Film français, 1 h 43, sorti le 5 février 2020.
Voilà un film, Soumaya (du nom de son personnage principal), qui a l’énorme mérite de rendre visible ce qui a été occulté depuis des années par les « grands » médias et la quasi-totalité du champ politique, à savoir l’entreprise raciste de stigmatisation et d’exclusion dont sont l’objet les musulmanEs dans la société française.
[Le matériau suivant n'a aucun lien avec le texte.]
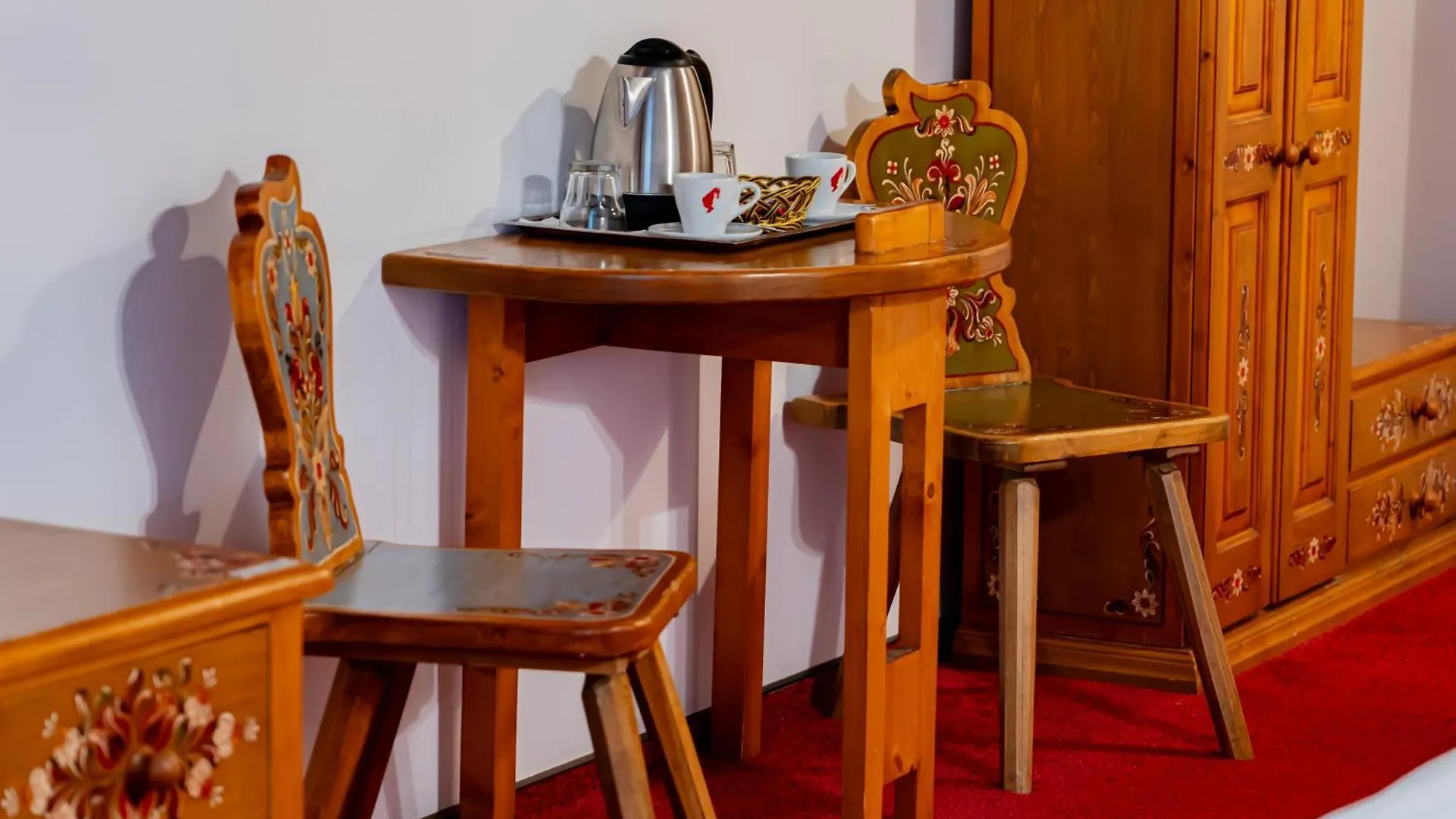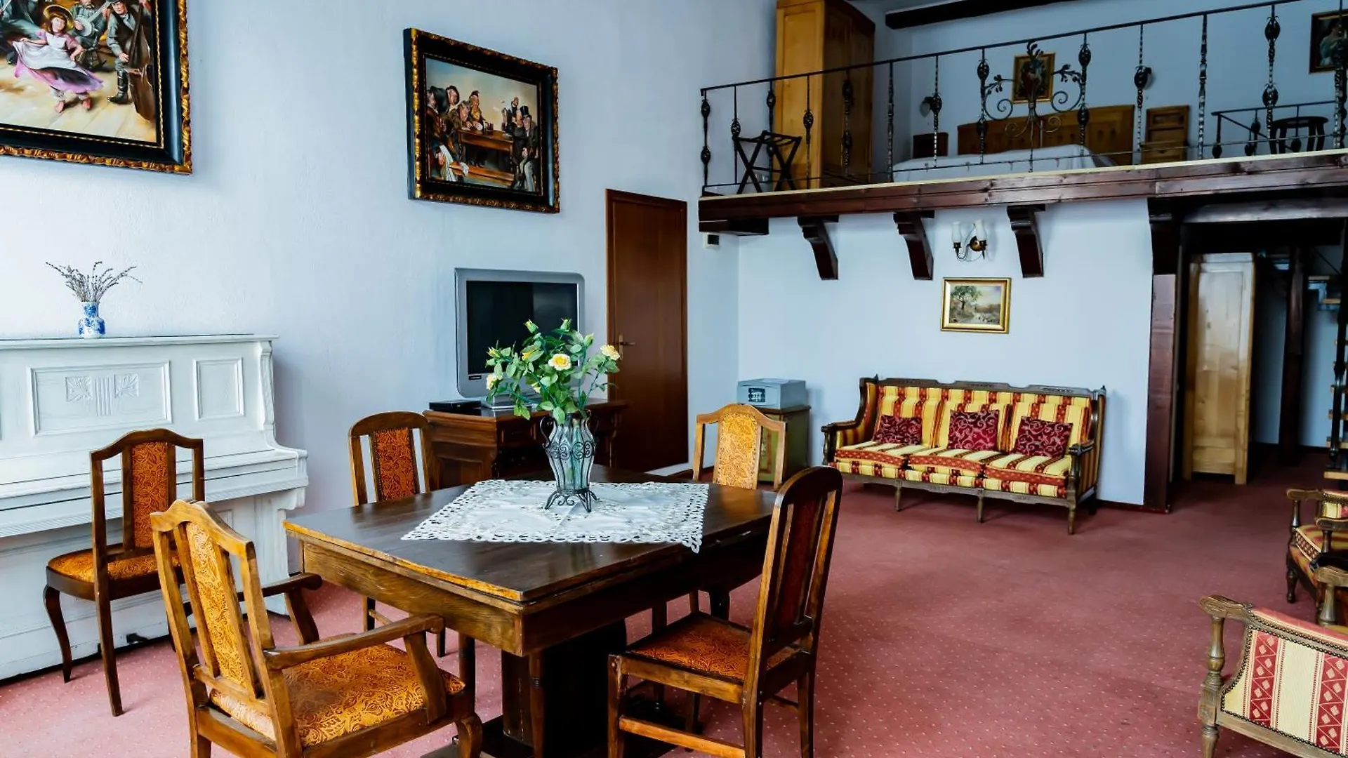 Medgyes városi Traube 15 szobával rendelkezik, melyek étkezővel, íróasztallal berendezettek. A mini hűtőszekrénybár, tea- és kávéfőző berendezés mellett olyan nélkülözhetetlen dolgok is rendelkezésre állnak, mint a klímaberendezés. A külön WC-vel és zuhanyzóval ellátott fürdőszobák hajszárítót és törölközőket is kínálnak.
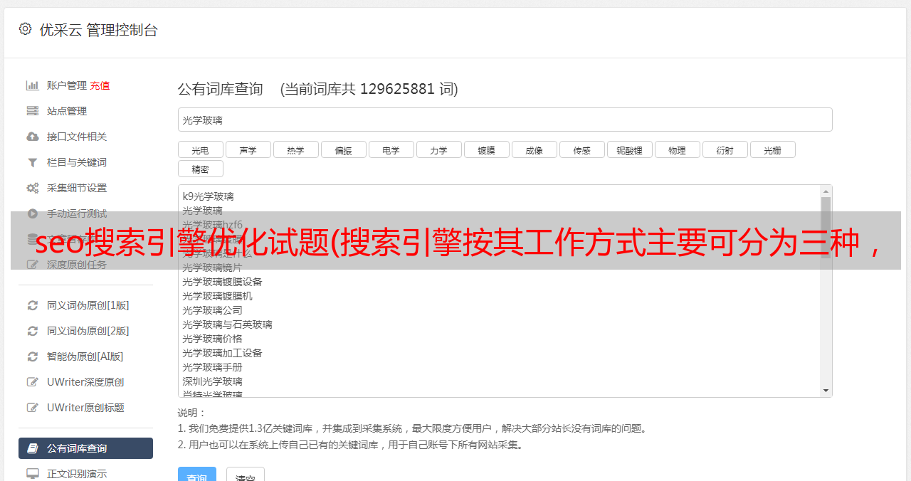 优采云 发布时间: 2022-01-30 19:15seo搜索引擎优化试题(搜索引擎按其工作方式主要可分为三种,你知道吗?)
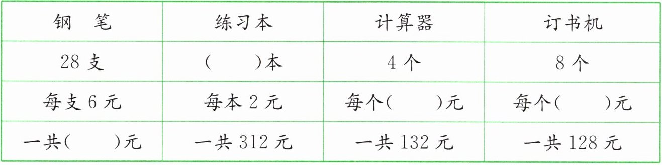 钢笔的数量是$28$支,每支$6$元,根据$总价 = 单价×数量$,可得钢笔的总价为$28×6 = 168$(元)。
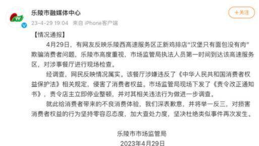 經過調查,樂陵市市場監管局確認該店鋪售賣次品行為為事實,並對餐廳進行瞭責令整改通知。責令停業整頓期間,該店鋪將無法為顧客提供任何餐飲服務。
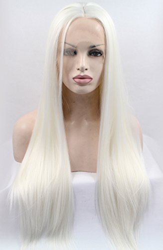 K'ryssma Synthetic Lace Front Blonde Wigs Half Hand Tied for White Women Heat Resistant Fiber Hair Silk Straight Wig 22 Inches

Un film contre l’islamophobie d’État
Pour ce faire, le film s’appuie sur des faits réels qui renvoient aux conséquences directes de l’état d’urgence. Contrairement à une représentation largement présente dans les milieux militants de gauche, celui-ci n’a pas d’abord et principalement affecté des syndicalistes ou des écologistes mais des musulmanEs. Ainsi le film débute-t-il par la perquisition administrative arbitraire subie par une famille et, dans la foulée, le licenciement abusif de la mère d’une entreprise dans laquelle elle travaillait depuis 14 ans.
La censure dont le film fait l’objet – la séance en avant-première prévue en septembre dernier au Grand Rex avait été annulée suite à une campagne menée par la facho-sphère et le film n’est actuellement programmé que dans une poignée de salles en France – signale à nouveau qu’il est plus facile et rentable, dans l’espace public français, de faire régulièrement des déclarations racistes au point d’être condamné pour incitation à la haine raciale (cas Zemmour) que de faire connaître une œuvre antiraciste.
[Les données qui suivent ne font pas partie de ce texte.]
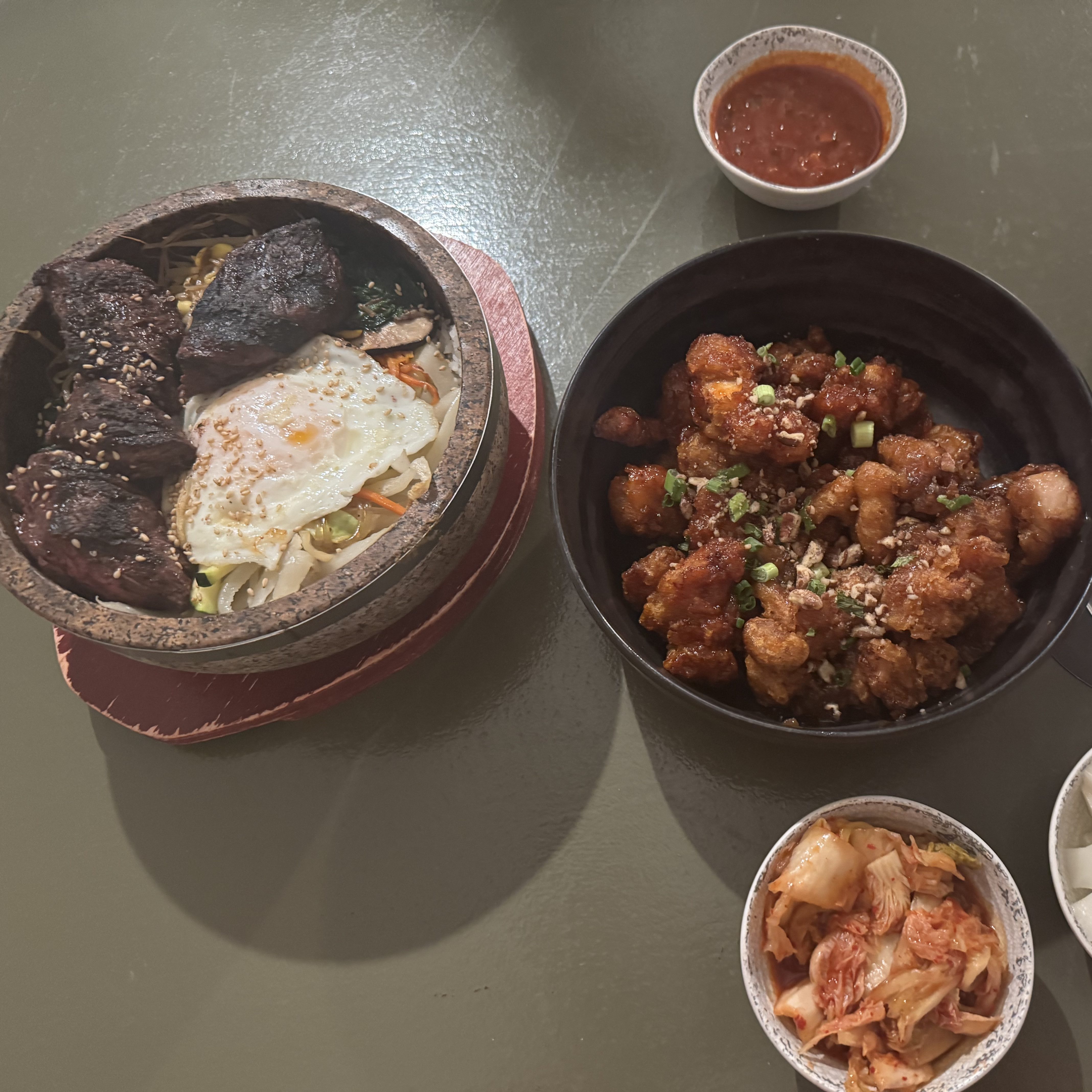 In addition to their signature dakgangjean, I also ordered steak dolslot bi-bimbap and a side of kimchi. The Korean fried chicken was one of the highlights of my meal. It had a perfectly crispy exterior with a tender and juicy interior, and the tangy flavor was incredibly satisfying. It’s safe to say that I did not need a to-go container for this. This dish truly reminded me of comfort food, it was warm and familiar.
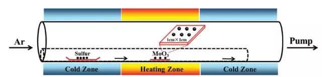 | 图示:CVD工艺中硫源与钼源放置的相对位置示意图 |
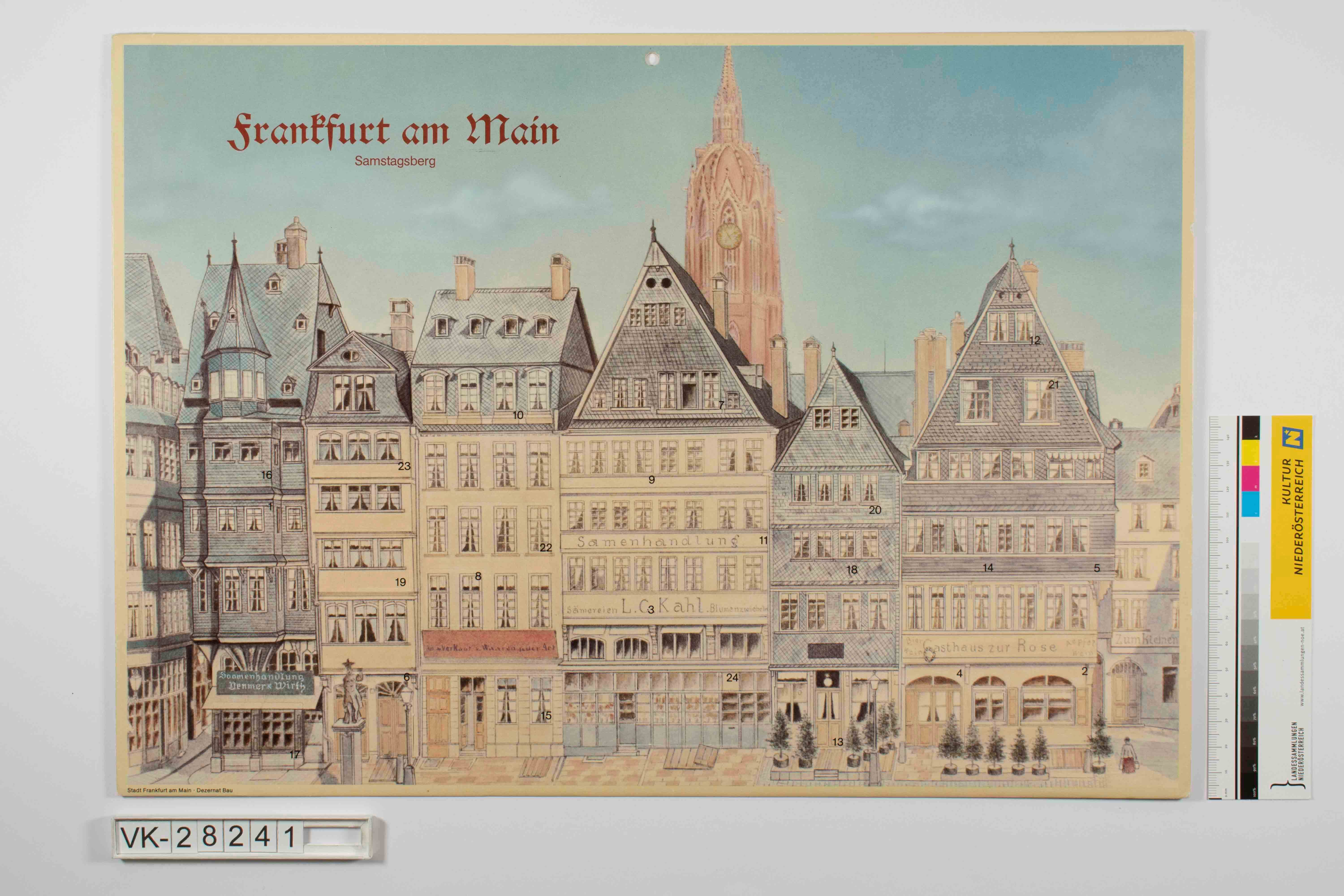 Hängeadventkalender, Querformat mit mittiger Aufhängelochung oben; Darstellung Hausfassade Frankfurt am Main, Samstagsberg vor blauem Himmel; viereckige Türchen; links unten Herkunftsangaben; ein weiteres Exemplar dieses Kalenders unter VK-28240 vorhanden.

Une vertu essentielle du film tient dans le fait qu’il ne propose pas une simple dénonciation morale du racisme, réduisant celui-ci à un préjugé irrationnel et à une faute individuelle, mais donne à voir à quel point l’islamophobie fonctionne en France comme un racisme d’État, au sens où il se trouve régulièrement stimulé par des politiques publiques (loi du 15 mars 2004 sur les signes religieux « ostentatoires » à l’école, circulaire Chatel, etc.) et légitimé par des discours d’État (prononcés par des individus occupant des positions au sommet de l’État).
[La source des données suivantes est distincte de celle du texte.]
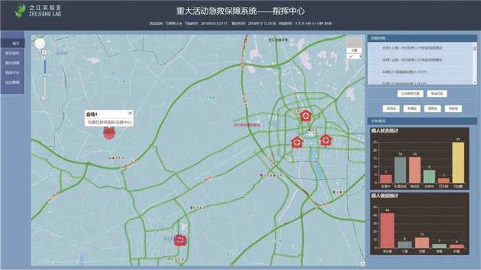 | 图 2 指挥调度中心显示会场、救护车、医院、专家的信息并制作统计报表 Fig 2 The command and dispatch center displaying the information of the venue, ambulance, hospital, and experts, and producing statistical reports |
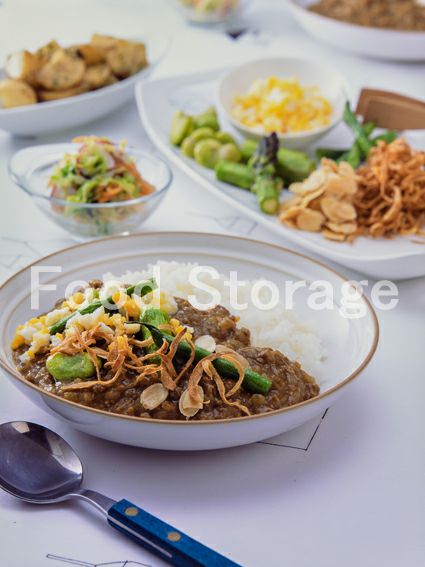 牛ひき肉 玉ねぎ にんにく しょうが カレールウ サラダ油 水 ごはん 塩 こしょう トッピング(アスパラガス そら豆 さやいんげん 新玉ねぎ スライスアーモンド ゆで卵 片栗粉 小麦粉 揚げ油

Un film à voir et à soutenir
Il permet également d’insister sur le fait que l’islamophobie se déploie à travers une variété de pratiques : des pratiques d’État (policières et judiciaires notamment, mais aussi scolaires) ainsi que des pratiques qui débordent l’État (discriminations à l’embauche et à la promotion, sur le marché locatif, dans la sphère associative, etc.). Le racisme apparaît alors pour ce qu’il est : un système de pratiques qui produisent des effets matériels et quotidiens sur les personnes qui en sont l’objet, aboutissant à l’infériorisation et l’exclusion de vastes groupes humains.
Enfin, si le personnage principal permet de mettre l’accent sur le courage et la dignité exemplaires d’une mère, les personnages secondaires amènent implicitement à saisir plusieurs des obstacles à la lutte contre l’islamophobie, qu’il s’agisse de l’intégrationnisme amenant à prendre le point de vue des dominants (à travers le personnage de l’avocat, Kais), de la peur que la lutte frontale contre le racisme ne fasse qu’empirer les choses (la mère de Soumaya) ou encore de l’épuisement de celles et ceux qui ont (souvent) le sentiment de lutter dans le désert, de manquer de soutiens (l’avocate, Mariam).
Un film à voir donc, à faire voir, mais surtout à soutenir dans un contexte où tout est fait pour rendre invisible la persécution -islamophobe et ses effets.